7.足首をつかむ
私は、霊は信じていません(いるのを認めると怖いから)。
でも、人からは霊感があるとよく言われます。
つい先日も怖い体験をしました。

仕事が終わり、主人を車で待っていたときにそれは起こりました。
本を読んでいると、急にひどい眠気が襲ってきたのです。
しばらく眠りにつき、ふと人の気配で目がさめました。
てっきり主人が帰ってきたと思い体を起こそうとしましたが、体が動きません。
「うわっ来た!」と思った瞬間、グググ…
体が締め付けられました。  そしておさまったのです。

「なんや〜」と思って安心したら、何人かの人達の話し声が聞こえてきました。
「やっ、モーちゃん、まだおる」誰だろうと外を見ると、誰もいません。
木が立っているのが4本見えるだけ。
ゾ〜っとした瞬間。
バリ!バリ!バリ!…
体を引き裂くような激痛と、体中の血管が切れてしまいそうな感覚が襲ってきました。
もちろん金縛り状態です。
何度か体験したことのある感覚でした。

「離れろ。

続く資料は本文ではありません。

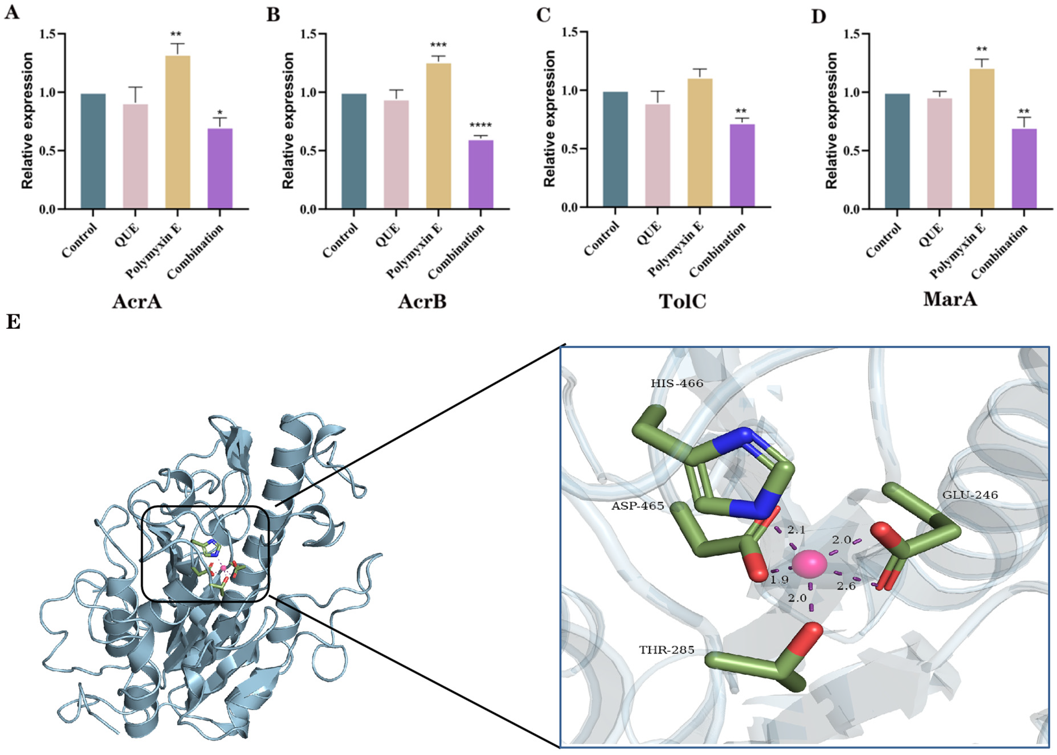 3.5. QUE Suppresses the Expression of Genes Associated with the AcrAB-TolC Efflux Pump System in Bacteria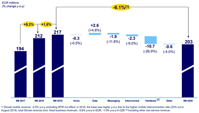 Na Slovensku klesly celkové provozní výnosy meziročně o procento na 5,61 miliardy Kč. Podobně jako v České republice stály za poklesem především nižší výnosy z roamingu a prodeje telefonů. Počet zákazníků se na Slovensku zvýšil o 73 000 na 2,189 milionu.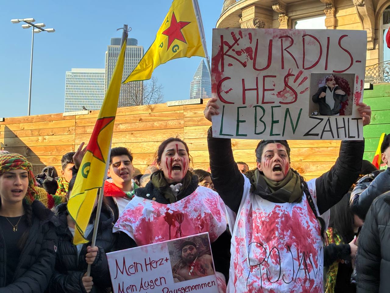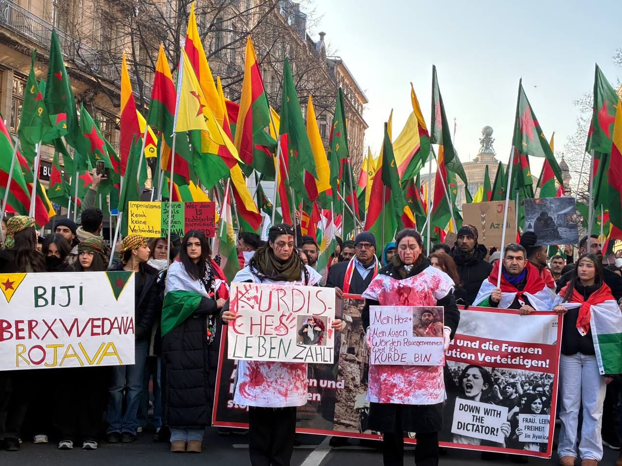 Eylem, Frankfurt Hauptbahnhof (Merkez Tren İstasyonu) önünde başladı. On bine yakın Kürt genci, kadını, enternasyonalisti ve dostu, ellerinde Rojava bayrakları, Jin-Jiyan-Azadî pankartları ve HTŞ saldırılarını kınayan dövizlerle toplandı. Kitle, şehitler için bir dakikalık saygı duruşunda bulunurken meydan adeta yürek yangınına döndü.

離れろ。まだ死にたくない!連れて行くな!」
ずいぶん長い時間祈っていたような気がします。
やっと体が自由になりました。妙な脱力感と安堵感に包まれました。

また眠っていたのでしょうか、人の声で目が覚めました。
「モーちゃん、まだおるわ」「ほんまや」
夢うつつの私の耳にはっきり聞こえてきました。
そして金縛り。
「今日は何なん?」心の中で叫びました。


すると、誰かが私の足首をガシッと掴んだのです。
ヒャ!!ここは車の助手席やで〜!!


一瞬ひるんだのですが、「いいかげんにしろ!!」と思い、
金縛りの体を一生懸命起こしました。
バリ!バリ!バリ!…
またもやこの感覚!「負けへんで」
ようやく少しづつ体が動きました。

気力の勝負でした。
そして足元を見ると、そこは真っ暗2本の手だけが、暗闇からニュウッと出て私の足を掴んでいました。
「逃がすものか!」怖がりの私がなぜ、その行動に出たかわかりません。
私は、腕を掴んでいました。
ニュル、ズル…
掴んだときの感触はまるで、腐ったものをひっぱっているような…
そのあと、スーっと雰囲気が変わり、いつもの車の中でした。ただ、手の感覚は残ったまま。

しばらく震えがとまりませんでした。
周りを見回すと、木は3本しか立っていませんでした。私が見たのは4本だったような…。